The story is a codebase
I’ve been using Obsidian to write a story, partly for fun, partly as a de-stresser, but also to try my hand at a different form of writing. And one feature that I adore is the graph view which shows the relationships between your documents.
So in each Obsidian doc, you can add links to another like this:
[[Jupiter]] was a demi-god that befriended old [[Ansel]].
The more links you add, the more the graph view will swarm with connections, like this:
Graph views like this aren’t handy for writing blog posts or essays, and I don’t usually like mind maps of things because they’re a bad way of organizing information. In fact, they kinda stress me out. But for writing fiction and stories this view is super handy. I can see where two characters aren’t connected or where a scene just sits out there in the void, disconnected from all other characters and events and plot points.

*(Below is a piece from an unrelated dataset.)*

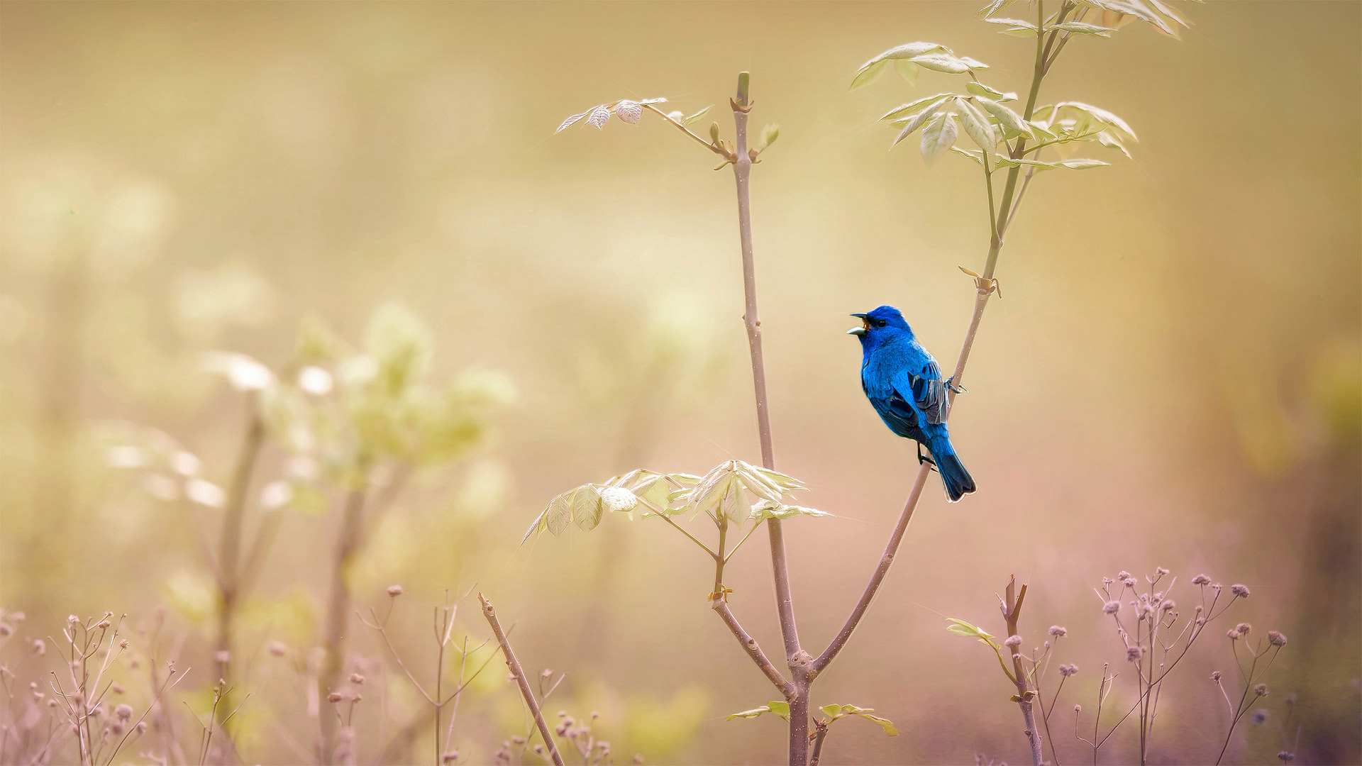 This time of year, from late spring to summer, male adult indigo buntings take it up a notch and turn a brilliant deep blue. They fly up to a perch—like our cheerful fellow atop a branch—and sing from morning to night to defend their territory from other males and to catch the attention of females. Indigo buntings are members of the "blue" clade (subgroup) of the cardinal family.

So I’ve been using this graph view once every so often to help me connect the dots. Each character should have some connection to every other in some form and this is a quick way to notice storytelling gaps. But this view is also helpful for me to not just write the story from start to finish, get mad, then bail. I feel like this story is now more like a codebase, where I can pop open one section of it and tinker and tweak it. Poke it until it’s connected to the rest of the code. I can refactor this one page, this scene, this weapon, this location—without having to worry about writing everything sequentially in chapters and without having to worry about writing high fiction where everything has to be beautiful.
In fact, with the graph view, I feel like I’m free now to write absolute junk. And this is vital for any creative thing! You have to feel like your mistakes won’t be judged, that there’s no one watching you write shameful, embarrassing things. Because if you have all that pressure of trying to write the next great American novel then I reckon you’re destined to fail.
All things suck before they get good—and I reckon this graph view helps me accept the suckiness of this thing whilst I work on it slowly, polishing and tweaking and refactoring it endlessly.